The endpoint includes built-in rate limiting. For bulk analysis:

```python
import time

def bulk_link_analysis(urls: list, delay: float = 1.0):
    """Analyze multiple URLs with rate limiting"""
    results = {}

    for url in urls:
        result = safe_link_analysis(url)
        if result:
            results[url] = result

        # Respect rate limits
        time.sleep(delay)

    return results
```

## Error Handling

### Common Errors and Solutions

| Error Code | Cause | Solution |
|------------|-------|----------|
| **400** | Invalid URL or config | Check URL format and config structure |
| **401** | Invalid authentication | Verify your API token |
| **429** | Rate limit exceeded | Add delays between requests |
| **500** | Crawl failure | Check if site is accessible |
| **503** | Service unavailable | Try again later |

### Debug Mode

```python
# Enable verbose logging for debugging
config = {
    "headers": {
        "User-Agent": "Crawl4AI-Debug/1.0"
    }
}

# Include error details in response
try:
    response = requests.post(
        "http://localhost:8000/links/analyze",
        headers={"Authorization": "Bearer YOUR_TOKEN"},
        json={"url": url, "config": config}
    )
    response.raise_for_status()
except requests.HTTPError as e:
    print(f"Error details: {e.response.text}")
```

## API Reference

### Endpoint Details

- **URL**: `/links/analyze`
- **Method**: `POST`
- **Content-Type**: `application/json`
- **Authentication**: Bearer token required

### Request Schema

```python
{
    "url": str,                    # Required: URL to analyze
    "config": {                    # Optional: LinkPreviewConfig
        "force": bool,
        "wait_for": float,
        "simulate_user": bool,
        "override_navigator": bool,
        "headers": dict,
        "js_code": list,
        "delay_before_return_html": float,
        "word_count_threshold": int,
        "exclusion_patterns": list,
        "session_id": str,
        "magic": bool
    }
}
```

### Response Schema

```python
{
    "internal": [LinkObject],
    "external": [LinkObject],
    "social": [LinkObject],
    "download": [LinkObject],
    "email": [LinkObject],
    "phone": [LinkObject]
}
```

### LinkObject Schema

```python
{
    "url": str,
    "text": str,
    "title": str,
    "score": float,
    "context": str,
    "attributes": dict,
    "hash": str,
    "domain": str,
    "scheme": str
}
```

## Next Steps

- Learn about [Advanced Link Processing](../advanced/link-processing.md)
- Explore the [Link Preview Configuration](../api/link-preview-config.md)
- See more [Examples](https://github.com/unclecode/crawl4ai/tree/main/docs/examples/link-analysis)

## FAQ

**Q: How is the link score calculated?**
A: The score considers multiple factors including anchor text relevance, URL structure, page context, and link attributes. Scores range from 0.0 (lowest quality) to 1.0 (highest quality).
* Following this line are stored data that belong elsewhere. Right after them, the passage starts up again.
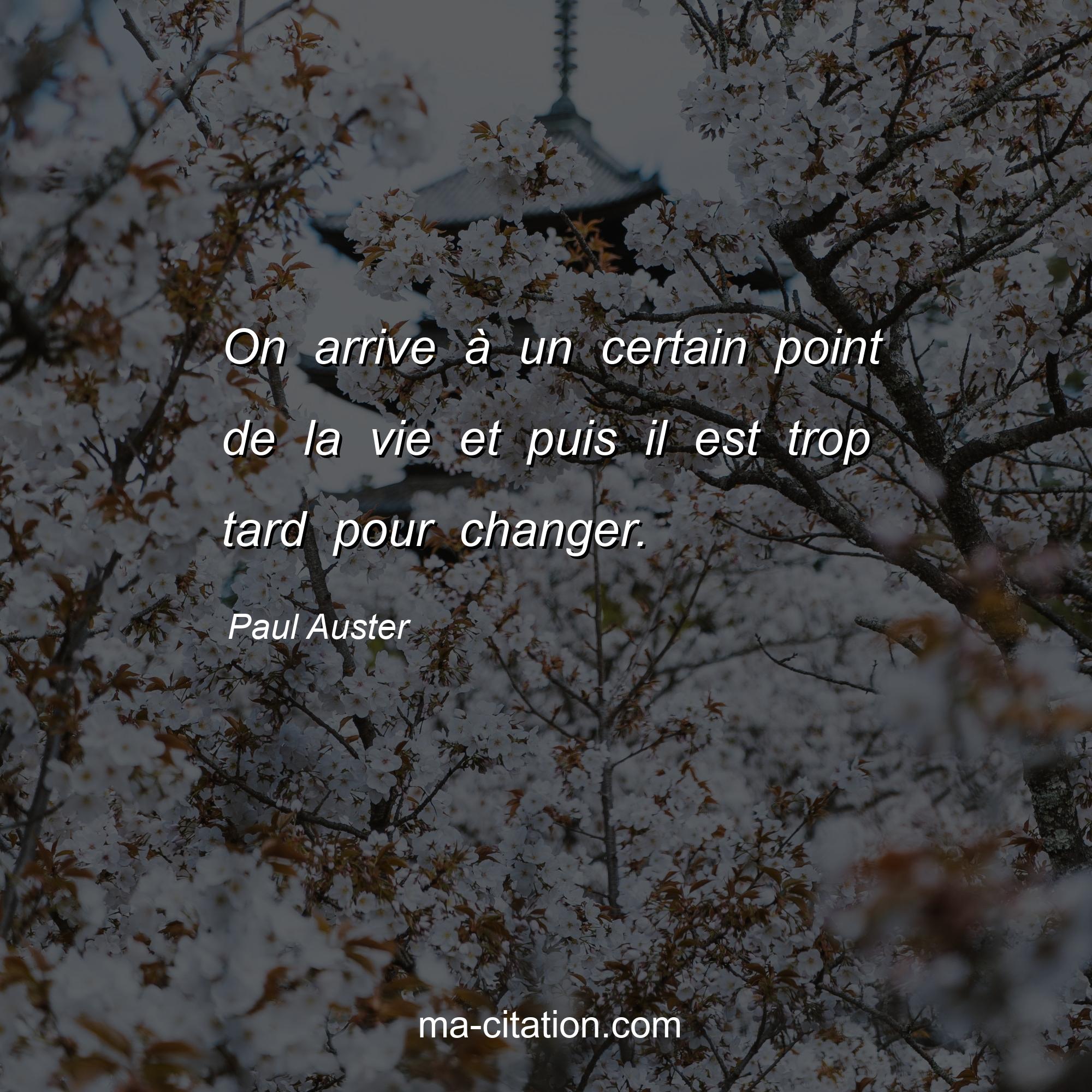 Paul Auster est l'auteur de la citation sur la vie "On arrive à un certain point de la vie et puis il est trop tard pour changer.".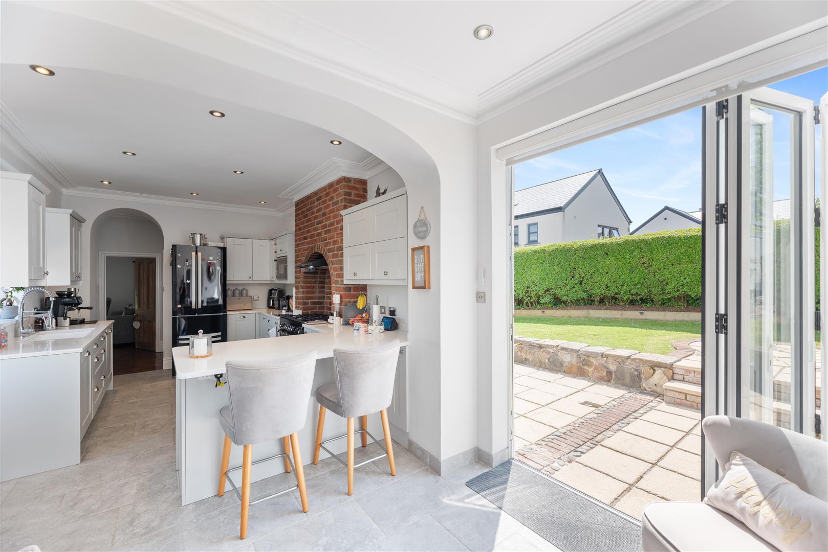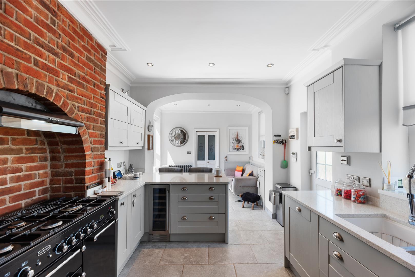 Kitchen/Dining Room - 7.19 x 3.01 (23'7" x 9'10") - This stylish kitchen diner features units in a soft grey palette, with quartz worktop & breakfast bar, integral dishwasher, wine cooler and a statement Rangemaster cooker framed by a charming red brick surround. With a relaxed seating area opening onto the rear garden through patio doors, it's perfectly designed for modern family life and effortless indoor-outdoor living. Also with recessed spotlights, tiled flooring, gorgeous Victorian radiator and further doors to the utility space, walk-in understairs closet and the side entrance.
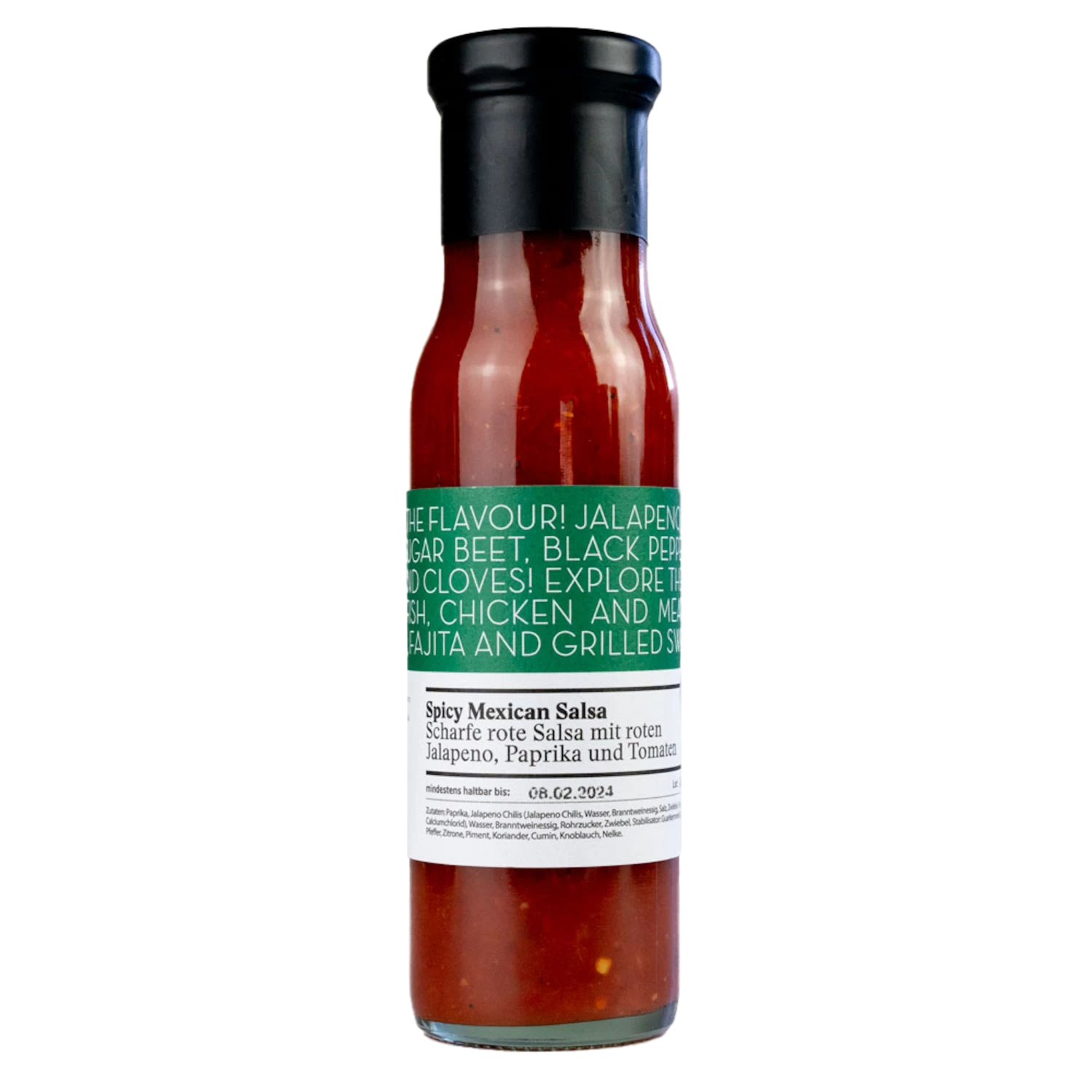 Viva la Salsa! Das säuerlich-würzige Aroma der Tomatillos, die typisch fruchtige Schärfe von grünen Jalapenos, die frische der Limette, sowie die Noten von Ingwer, Senf und Gurke verschmelzen in dieser Sauce zu einer sommerlich-mexikanischen Geschmacksexplosion.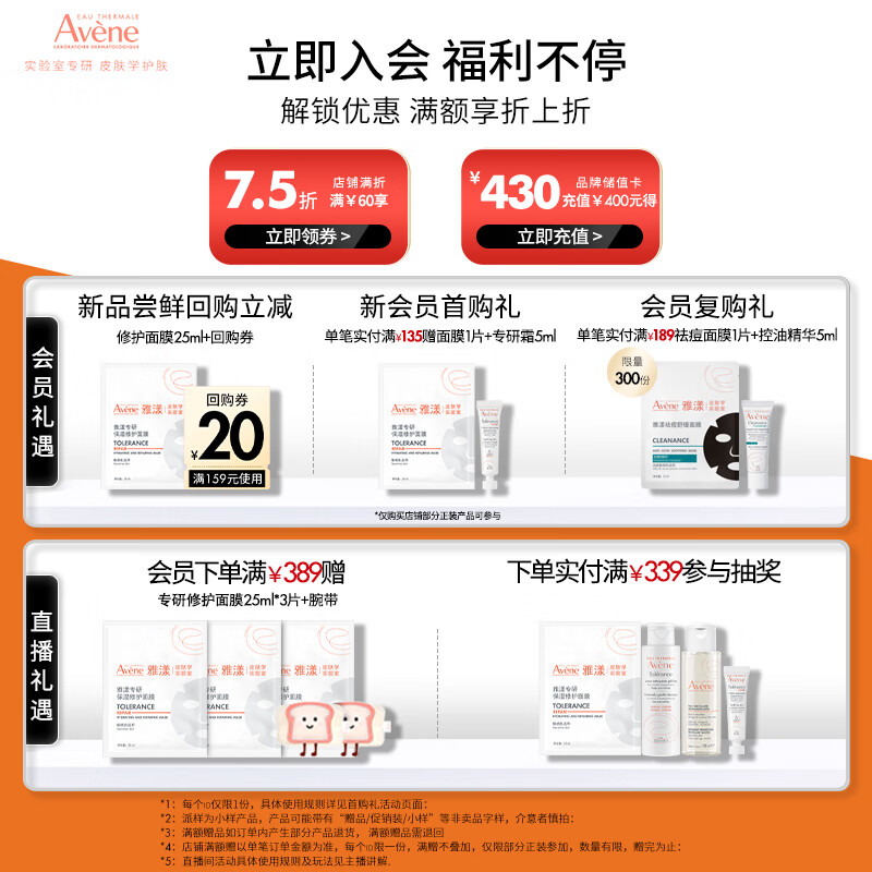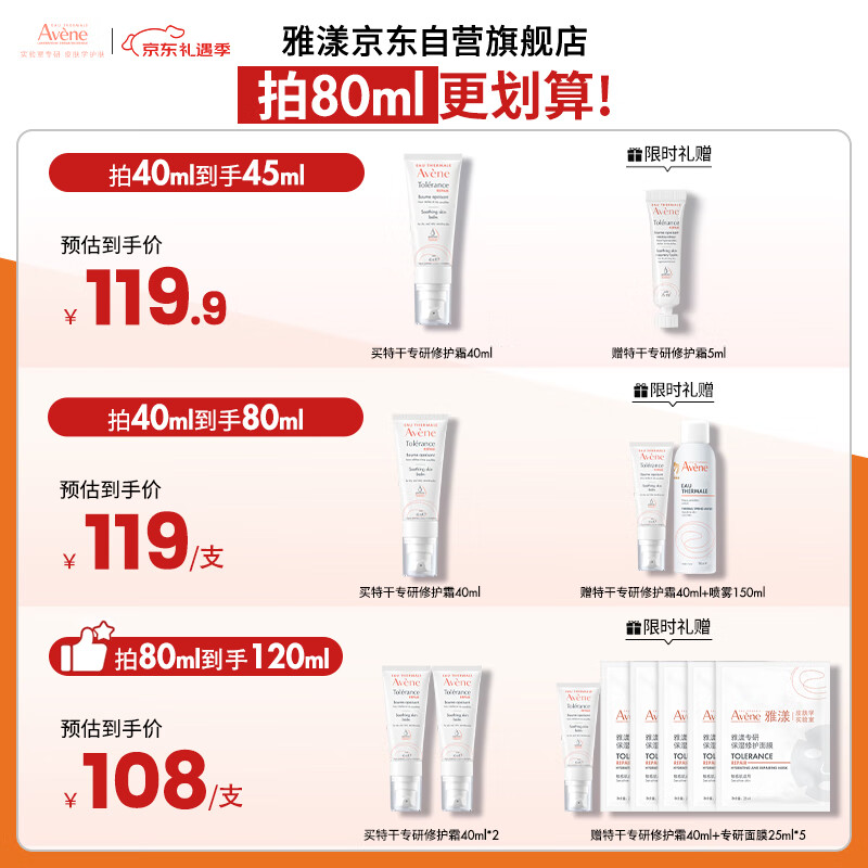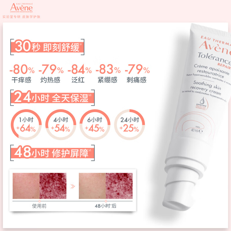 雅漾(Avene)【樊振东同款】专研修护霜滋润版40ML*2敏肌保湿舒缓泛红乳液面霜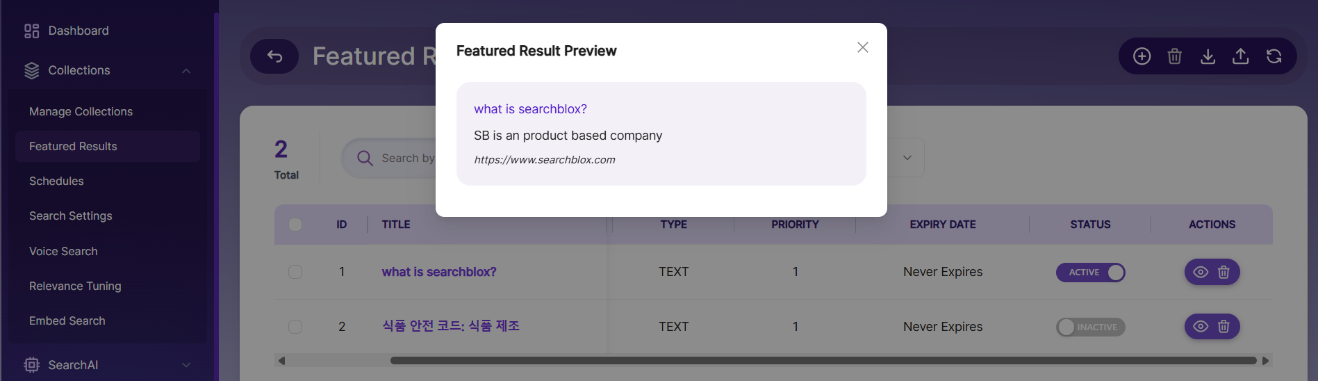 - Featured Results can be managed from the Dashboard, where you can preview how they appear on the search page and deactivate them anytime without deleting.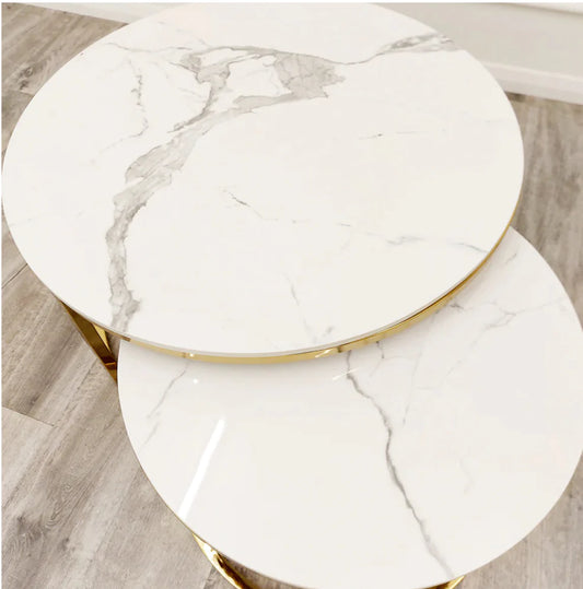 Cato Nest Of 2 Short Round Coffee Tables Stone Tops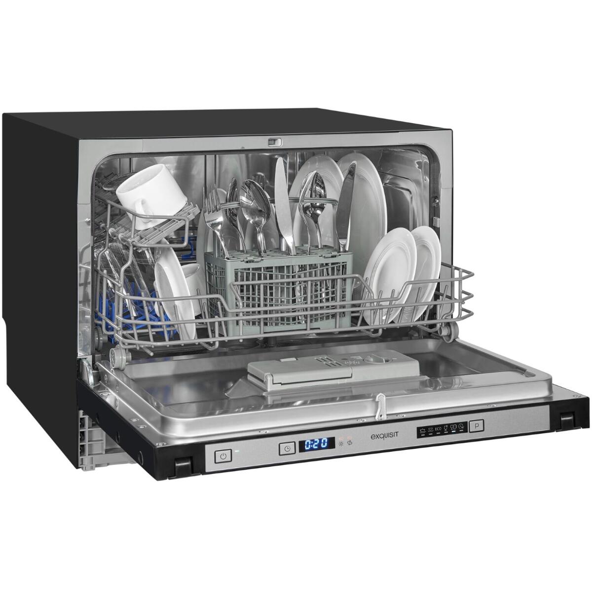 Exquisit EGSP1060-E-030F Einbau Tischgeschirrspüler, 55 cm breit, 6 Maßgedecke, einbaufähig, 6 Programme, Ecoprogramm, Startzeitverzögerung, Besteckkorb, schwarz (PV)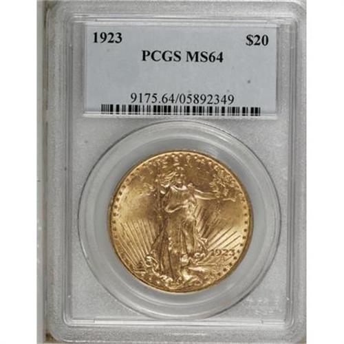 <B>1923 $20 MS64 PCGS.</B></I> PCGS Population (2778/316). NGC Census: (1897/116). Mintage: 566,000. Numismedia Wsl. Price for NGC/PCGS coin in MS64: $920. (#9175)<BR><BR><B>Coin Engraver:</B> Augustus Saint-Gaudens<BR><BR><b>Shipping:</b> Coins & Currency (<a target="_blank" href="http://www.heritageauctions.com/common/shipping.php">view shipping information</a>)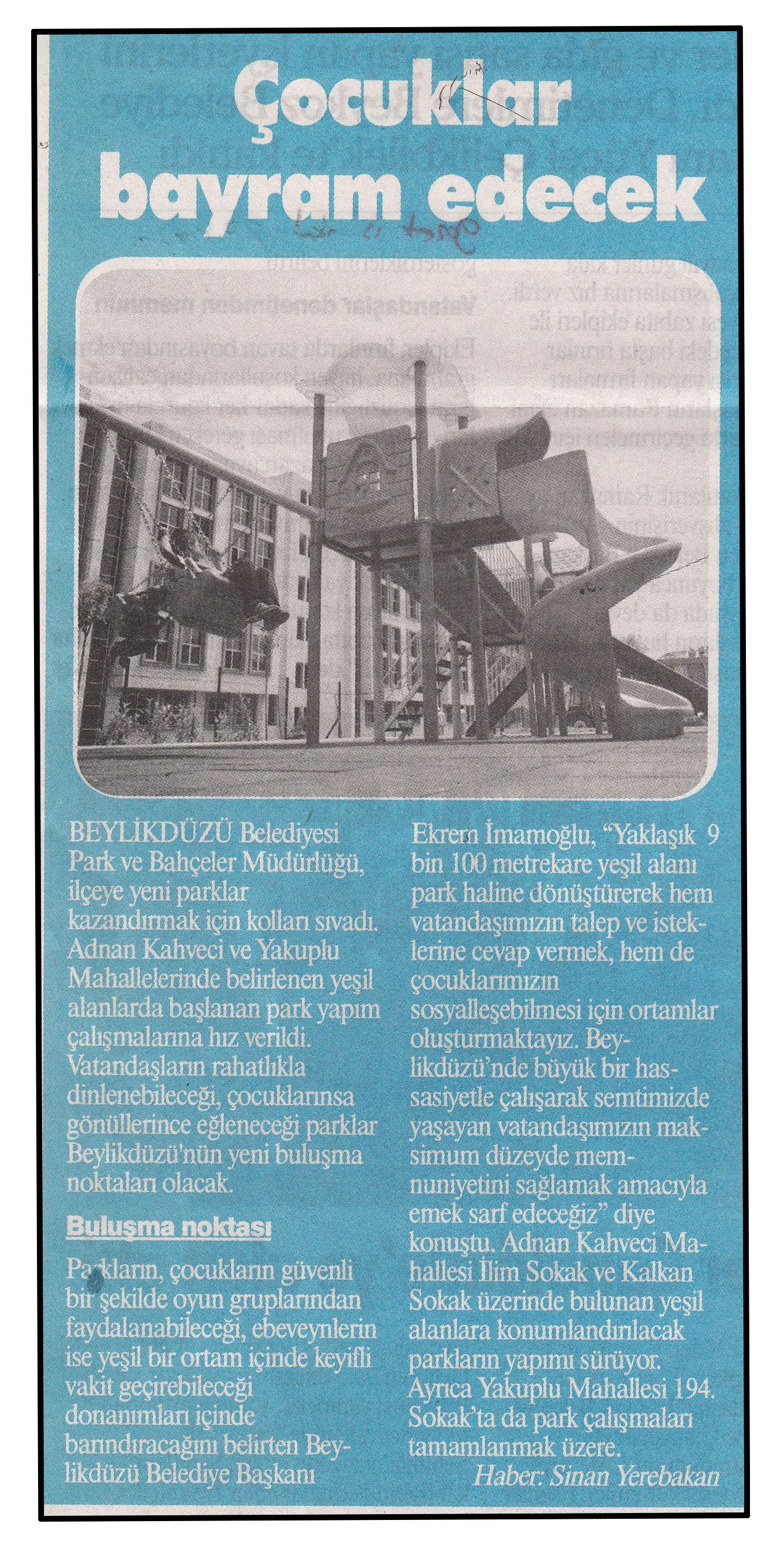 27 Haziran 2014 tarihli "GAZETE İSTANBUL" gazetesi. Beylikdüzü Belediyesi Park ve Bahçeler Müdürlüğü, ilçeye yeni parklar kazandırmak için kolları sıvadı. Adnan Kahveci ve Yakuplu Mahalelerinde belirlenen yeşil alanlarda başlanan park yapım çalışmalarına hız verildi.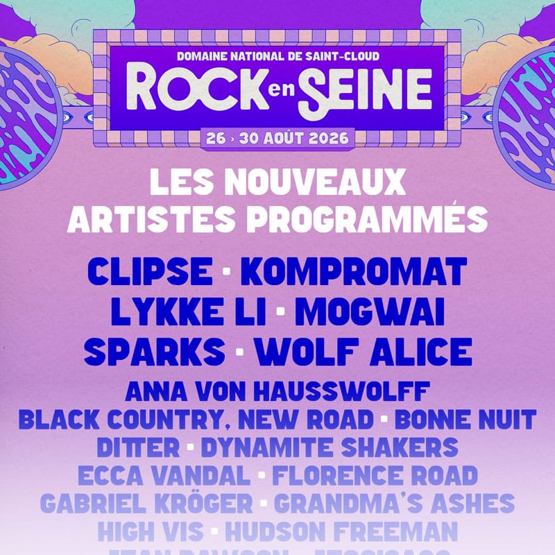 Du 26 au 30 août 2026 au Domaine national de Saint-Cloud, Rock en Seine vient de doubler son nombre d’artistes confirmés avec 29 nouveaux noms venus d’horizons très variés. Des mastodontes célébrissimes, des scènes émergentes internationales et une belle représentation française. Le cocktail est redoutable !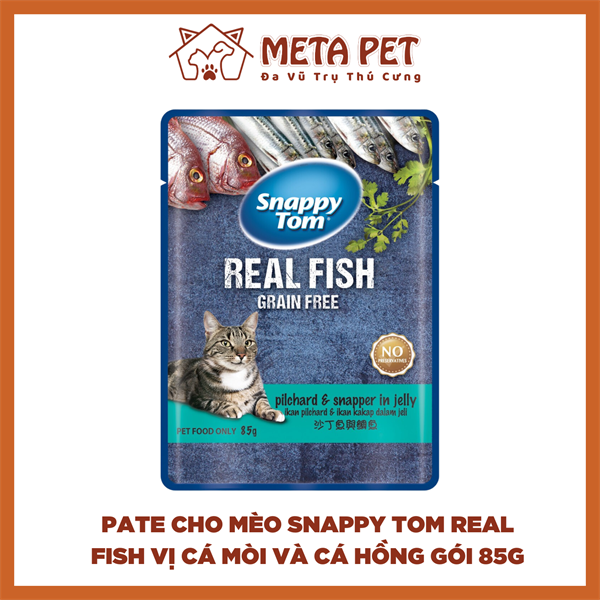 Pate cho mèo Snappy Tom Real Fish Pilchard & Snapper gói 85g

**Q: Can I analyze password-protected pages?**
A: Yes! Use the `js_code` parameter to handle authentication, or include session cookies in the `headers` configuration.

**Q: How many links can I analyze at once?**
A: There's no hard limit on the number of links per page, but very large pages (>10,000 links) may take longer to process.

**Q: Can I filter out certain types of links?**
A: Use the `exclusion_patterns` parameter in the config to filter out unwanted links using regex patterns.

**Q: Does this work with JavaScript-heavy sites?**
A: Absolutely! The crawler waits for JavaScript execution and can even run custom JavaScript using the `js_code` parameter.